The Idea of Futures Market Crypto
This financial tool resembles speculation on asset values. Suppose you made research on the market and came to the conclusion that the BTC rate is going to drop in the future. So you enter into an agreement where you indicate the value you think BTC will reach and the day when you owe to fulfill the commitments by a contract – to purchase BTC at a price fixed in the contract. So if you have some BTC now, you sell them out and wait until the contract expires. If your price forecast is correct, you re-purchase BTC at a reduced value. In such a way, you still have BTC in your wallet plus you make a profit from its price difference.
Another situation – you estimate that BTC will rise.
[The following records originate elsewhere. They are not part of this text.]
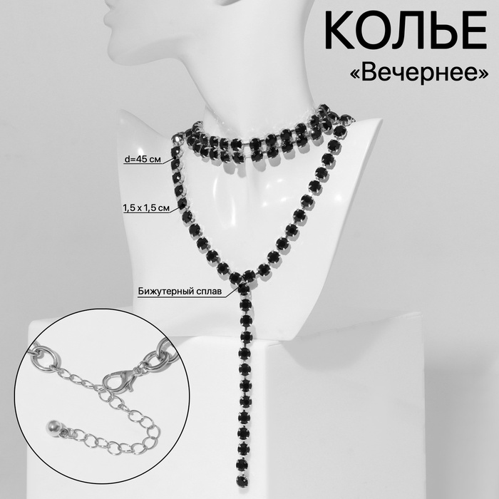 Колье «Вечернее» три ряда, чёрное в серебре, 45 см
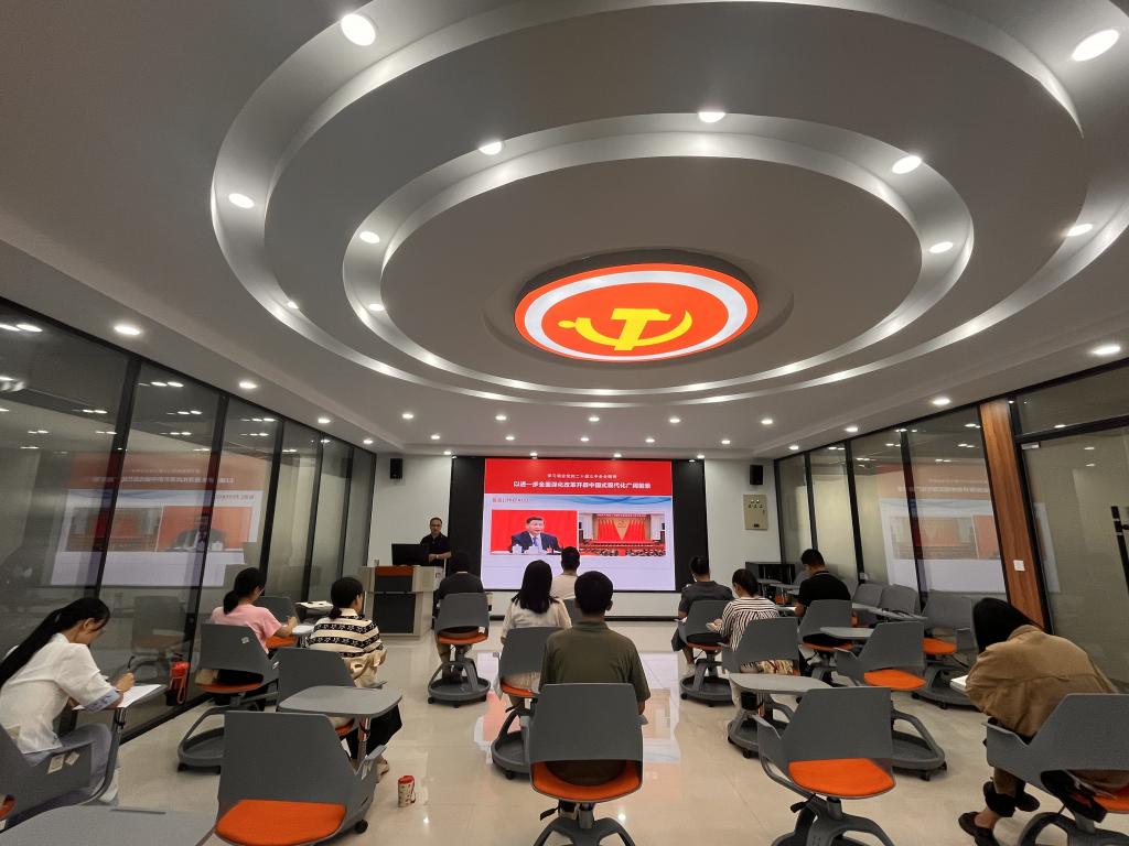 9月4日上午,beat365中国官网党支部在蟠龙校区图书馆二楼思政课虚拟仿真教学中心开展党的二十届三中全会精神集体学习暨支部书记讲党课活动,活动由beat365中国官网党支部负责人王康主持,支部全体党员参加。
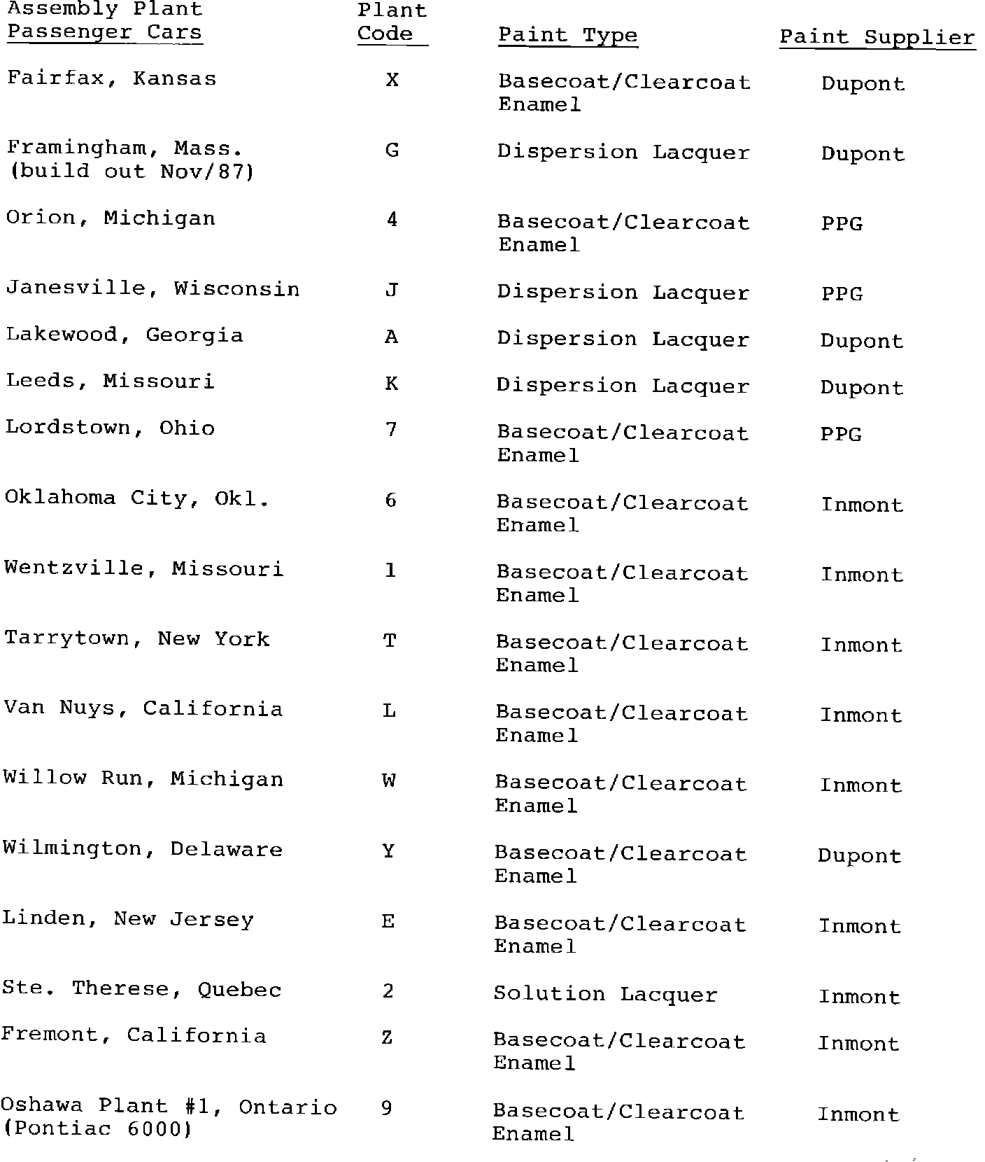 Paint - Assembly Plant Identification

You enter into a contract where you fix a higher value for BTC and the day when you will sell your coins. If your prediction is correct and the BTC value really increases, you sell your coins and make money from the price growth.
Why do we mention Bitcoin in our example? Everything is simple – the fact is that the best crypto futures are made with Bitcoin. BTC is the most reliable and stable digital asset with the lowest volatility and the most enormous liquidity. So there is always demand for BTC. It is not recommended to pick highly volatile crypto assets for futures trading. So choose among the top-traded crypto list.